Вошла Сильви. Она больше не хромала: лодыжка наконец зажила. У нее была совершенно новая прическа — очень короткая стрижка, открывающая лицо, — как оказалось, с правильными чертами… Сильви нанесла на него крем-пудру цвета загара, что очень ей шло. Она была почти хорошенькой. Подобное превращение казалось мне просто невероятным. Она выглядела прямо-таки экстравагантно, если сравнить с тем, какой она предстала передо мной в первый день — хилое существо, напоминающее больную ворону.
Сделав над собой усилие, я улыбнулся.
— Добрый день!
— Здравствуйте…
Она держалась прямо, зажав подмышкой старый черный портфель. Этот портфель наверное служил ей, когда она еще училась, и теперь стал своего рода талисманом…
— В последние дни я чувствовал себя заброшенным…
— Я чуть было не бросила вас совсем…
— В самом деле?
Поддерживая портфель левой рукой, она открыла его, достала газету и бросила мне. Разворачивать ее было ни к чему: на первой же странице я увидел напечатанный в три колонки заголовок:
НОВЫЙ ПОВОРОТ В ДЕЛЕ СОММЕ
Гнусная инсценировка убийцы. Убийство из ревности — исключено! Убийца совершил преступление, чтобы избавиться от долга в восемь миллионов!
Буквы плясали у меня перед глазами — черные, жирные, блестящие, подобные тем, что гравируют на надгробных камнях.
Я попытался прочитать статью. Мне хватило первых десяти строчек; в них излагалось все дело так, как оно произошло. В выгребной яме были найдены обрывки расписок… Я был разоблачен!

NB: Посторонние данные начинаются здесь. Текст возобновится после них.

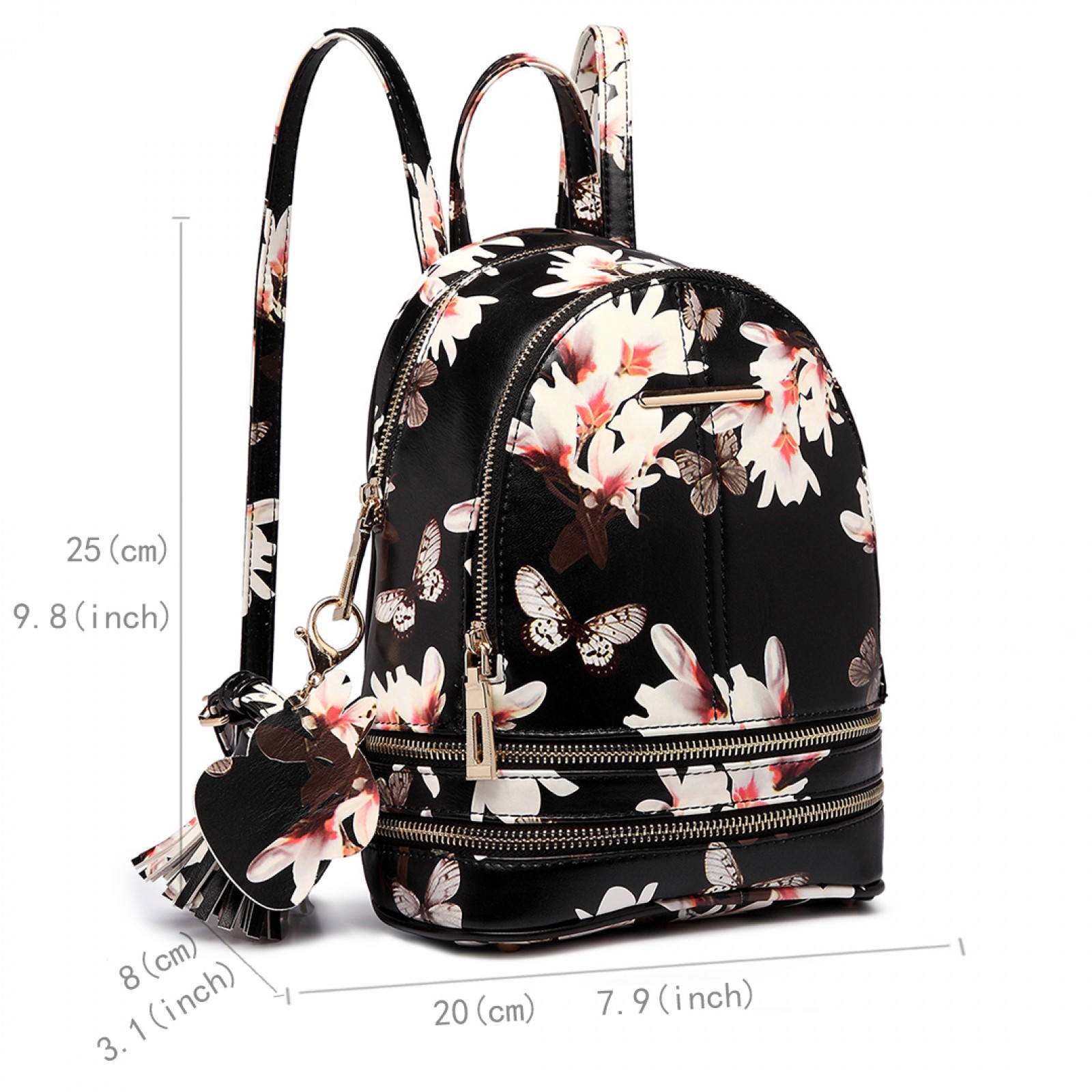 LT1707 - Miss Lulu Leather Look Small Fashion Floral Backpack Black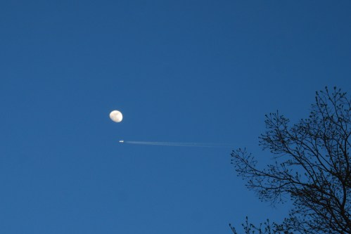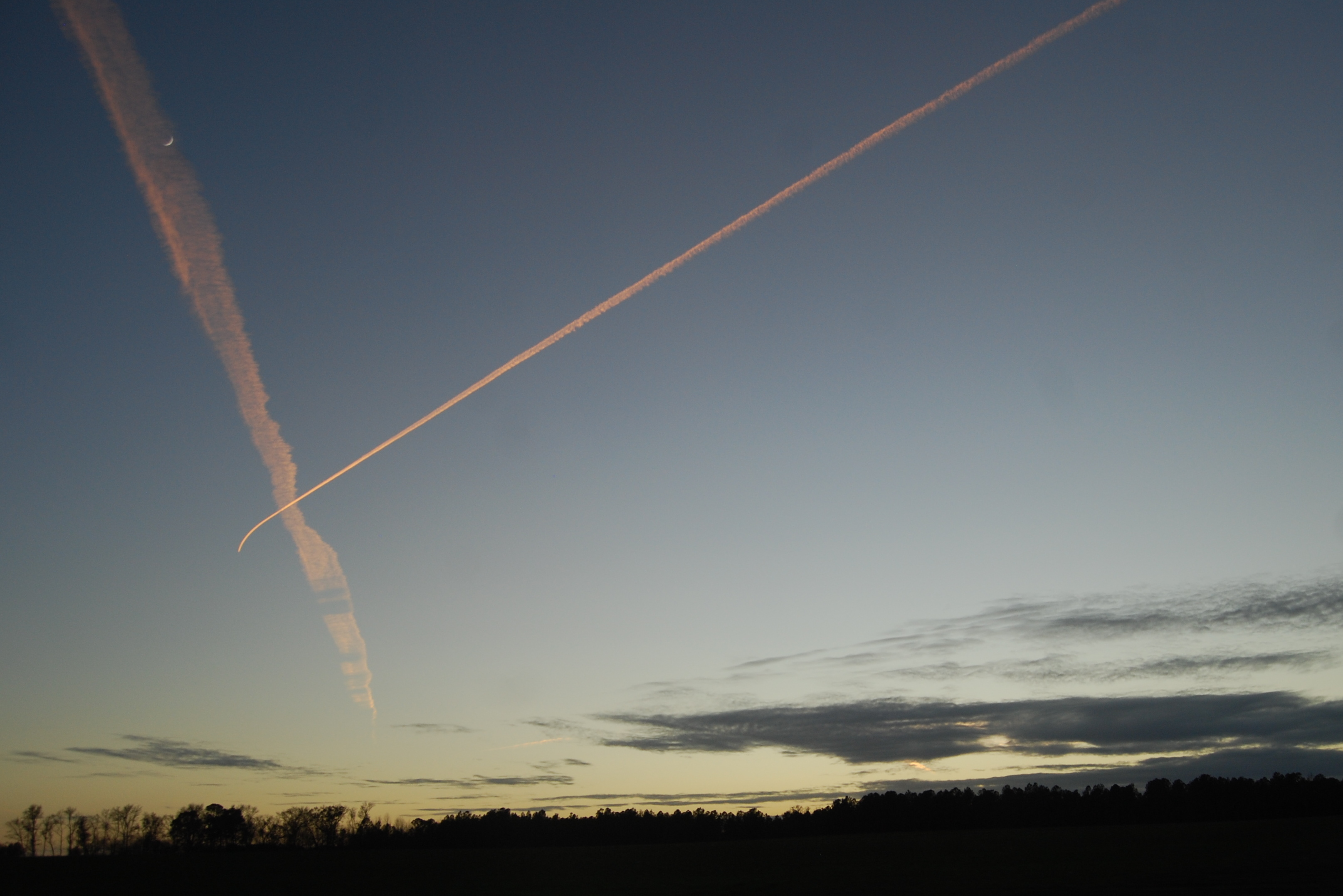 I took this next picture because of the interesting contrails. But look closely in the top left corner. (You may need to click to enlarge the picture.) I didn’t realize it was there until the photos were downloaded to the computer. A nice surprise, I thought.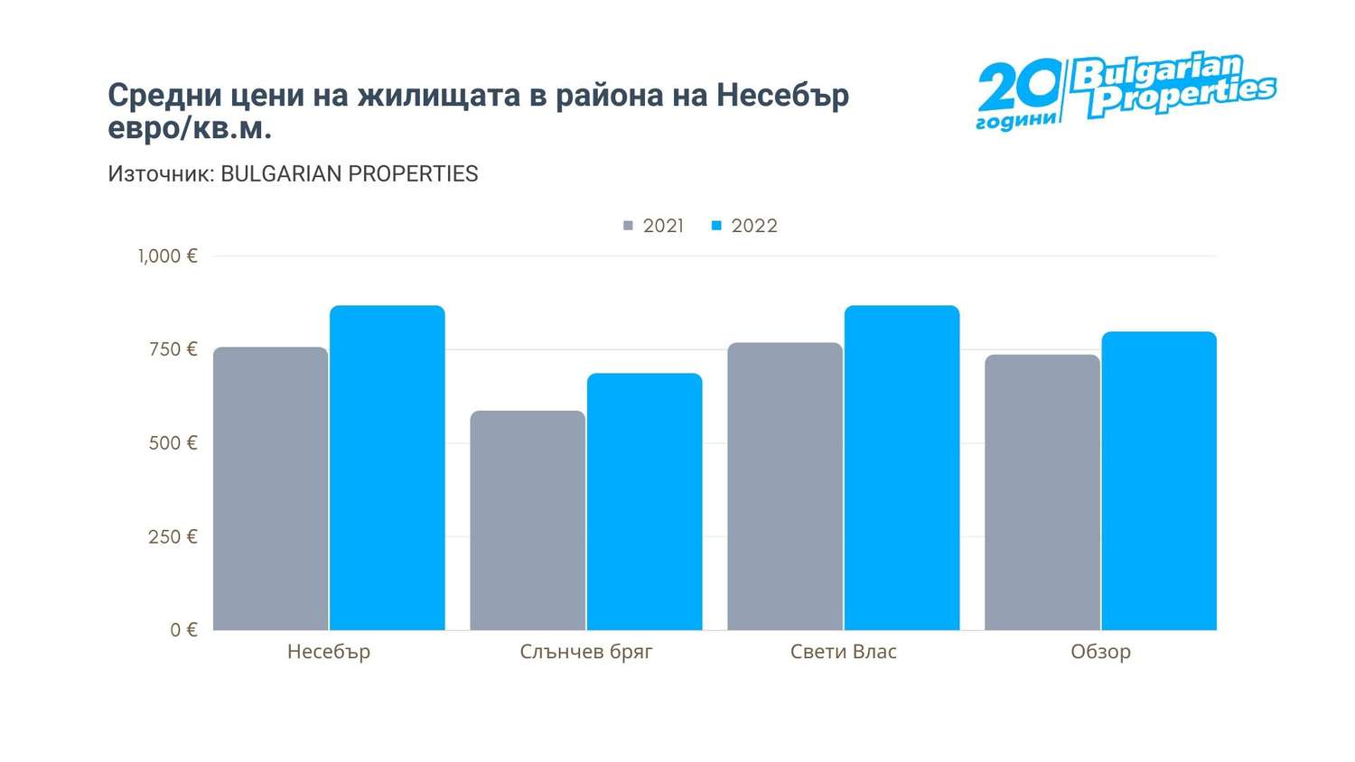 По данни на BULGARIAN PROPERTIES средните цени в Несебър и Свети Влас са около 860 евро, в Обзор около 800, а в Слънчев бряг 700 евро.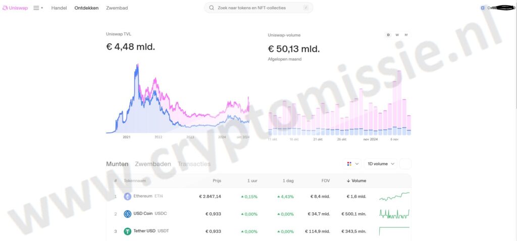UniSwap maakt het makkelijk om cryptogeld te verhandelen. Je hoeft niet in te loggen of een account te maken. Gewoon je wallet verbinden en je kunt beginnen. Let wel op voor scams en spam.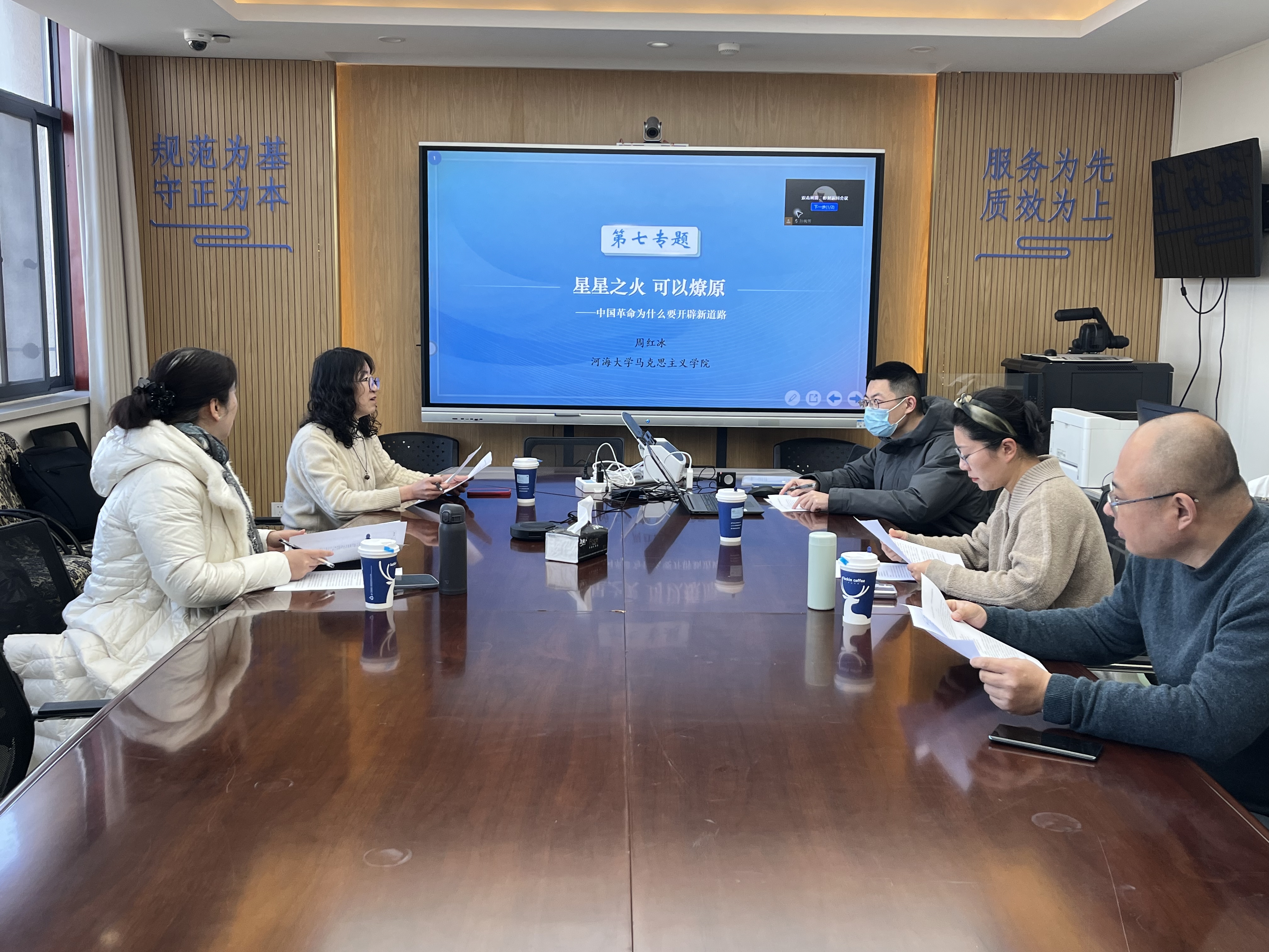 2025年2月10日下午,“中国近现代史纲要”教研室以线上线下相结合的方式进行教学切磋研讨,以充分“备战”全省教学展示活动。本次活动由教研室主任孙秀芳副教授主持,特邀请获全国教学竞赛大奖的龚艳副教授、获江苏省(毛中特)教学展示特等奖的毛中特教研室主任董大亮副教授、获江苏省青年教师(德法)教学竞赛一等奖的朱小娟副教授莅临指导,李宁教授、沈蓓绯副教授、周红冰老师、史宏平老师、张金城老师、魏仕庆老师、张逦老师、马吟风老师等教研室成员参与。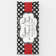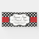 Diseño elegante y elegante de fondo polka blanco y negro, con cinta roja y forma de marco blanco. Agregue cualquier texto como Nombre comercial o etiqueta. Un bonito estilo retro de los años 50 estilo gráfico divertido de alto contraste que llama la atención. Todos los diseños Copyright © www.CustomInvitesOnline.com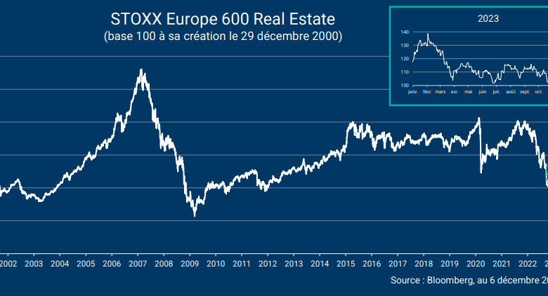 La baisse rapide des taux observée depuis la fin du mois d’octobre a particulièrement profité au secteur des foncières cotées au cours des dernières semaines. Ainsi, sur les marchés actions, le STOXX Europe 600 Real ,Estate (SX86P) a rebondi d’environ 25% depuis le 26 octobre, jour où l’indice avait atteint son plus bas niveau depuis décembre 2011.
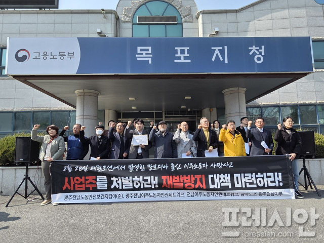 지난 2월 말 전남 영암 D조선에서 또 한 명의 캄보디아 출신 이주노동자가 목숨을 잃은 사건과 관련해 지역 노동·인권단체들이 "예견된 인재이자 구조적 살인"이라며 원청과 당국의 책임을 묻는 집단행동에 나섰다.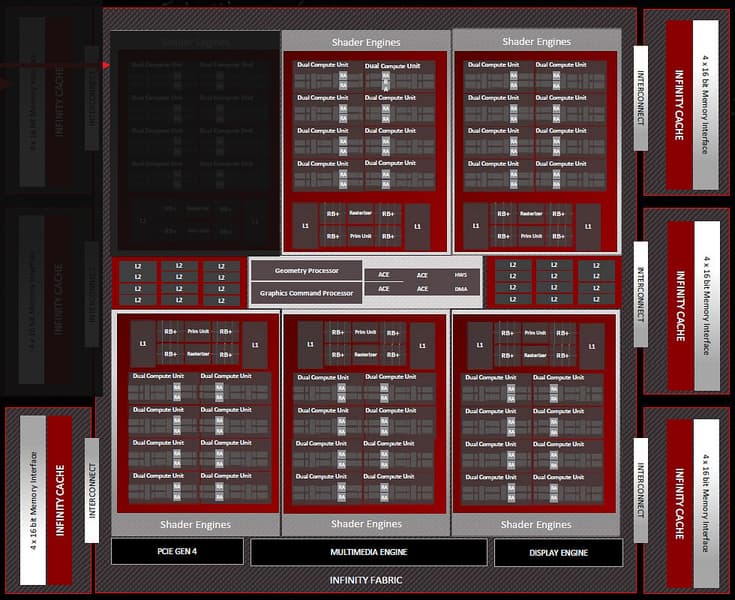 | Модель графического процессора | Navi 31 XT | Navi 31 XL | Navi 32 XT | Navi 21 XT |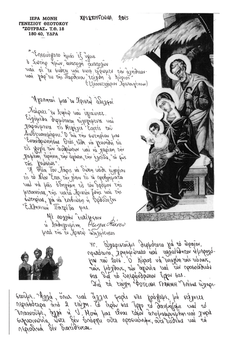 Ἐλπίζω νὰ σᾶς ἀρέσει τὸ συνημμένο. Εἴχαμε τὸ πανηγύρι τὸ Σαββατοκύριακο καὶ τὰ ἔβαλα γιὰ διανομή.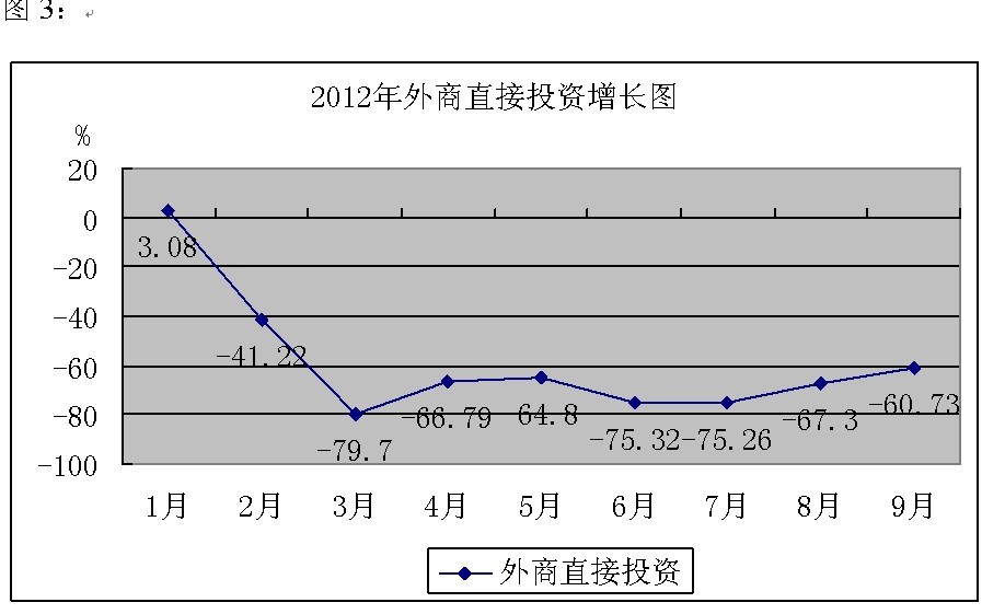 受當(dāng)前經(jīng)濟(jì)形勢(shì)的影響,我市經(jīng)濟(jì)在經(jīng)歷前段時(shí)間的波動(dòng)后,在第三季度的各項(xiàng)指標(biāo)有升有降,有向上發(fā)展呈回穩(wěn)態(tài)勢(shì)的,也有發(fā)展末如理想的。具體情況如下: 外商直接投資方面。1—9月份,我市實(shí)際利用外商直接投資4703萬美元,只完成年度任務(wù)39.82%,同比下降60.73%,已連續(xù)8個(gè)月在負(fù)增長(zhǎng)里徘徊。見圖3: (三)園區(qū)經(jīng)濟(jì)進(jìn)入發(fā)展期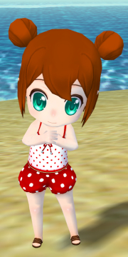 | 2点セット。(2013/07/24追加) 「2013水着ガチャ・C」ガチャからキッズ水着上・下(赤)キッズ水着下(青)の3種類が全部出る。 (2014/07/16)<海の日>ガチャから出る<キッズ>BOXから3種類の内いずれかの1つが出る。 | ||||||
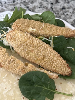 These chicken tenders are highly praised for their taste, crispiness, and convenience, making them a favorite for quick meals. Many guests appreciate that they are gluten-free and organic, suitable for various dietary needs. However, some have noted inconsistencies in quality and concerns about the meat texture. Overall, they are a popular choice for families and those needing a quick, tasty meal option.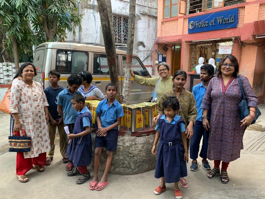 A visit to Voice of World was undertaken to provide the monthly supply of 75 litres of mustard oil.

Я не смог читать дальше. Все туманилось вокруг. Так бывает летом, когда звенящий от зноя воздух словно стелется над самой землей. Я отшвырнул газету.
— Ну что ж, полагаю, меня можно считать покойником, — прошептал я, глядя на моего адвоката.
Сильви кусала нижнюю губу. Похоже, она пребывала в растерянности.
— Почему вы мне ничего не сказали?
— Ох, сейчас не время для обид!
— Я могла бы по крайней мере предвидеть ход расследования.
— И что дальше?
Сильви промолчала. Она казалась воплощением бессилия. Нет, она бы ничего не смогла сделать… Ничего. Ни одному адвокату, даже самому искусному, не удалось бы наверное вытащить меня из этой скверной истории. И она обиделась не потому, что была задета ее профессиональная гордость. Сильви сердилась на меня за то, что напрасно отнеслась ко мне с симпатией. Она сердилась за то, что я обманул друга, которым она незаметно становилась для меня.
— Вы совершили чудовищное преступление, мосье Сомме.
— Кто вы, мэтр, мой адвокат или мой судья?
— Даже адвокат может высказать суждение о своем клиенте.
— Я совершил чудовищное преступление, да! Только не рассчитывайте, что я дам какие-то объяснения, моя крошка! Отныне я буду просто-напросто все отрицать или молчать…
— В самом деле, это единственная правильная линия поведения, которую следует избрать.
Ее высказывание меня поразило. Похоже, мое заявление доставило ей удовольствие.
Я уселся верхом на табуретку. Сильви пахла Парижем. Этот запах утрачен для меня вместе со всем остальным… Никогда уже не будет этого тонкого аромата на лестницах Пасси или на улице де ла Пэ. Никогда не будет Парижа и причудливой прелести его проспектов, тонущих весной в зеленой тени… НИКОГДА!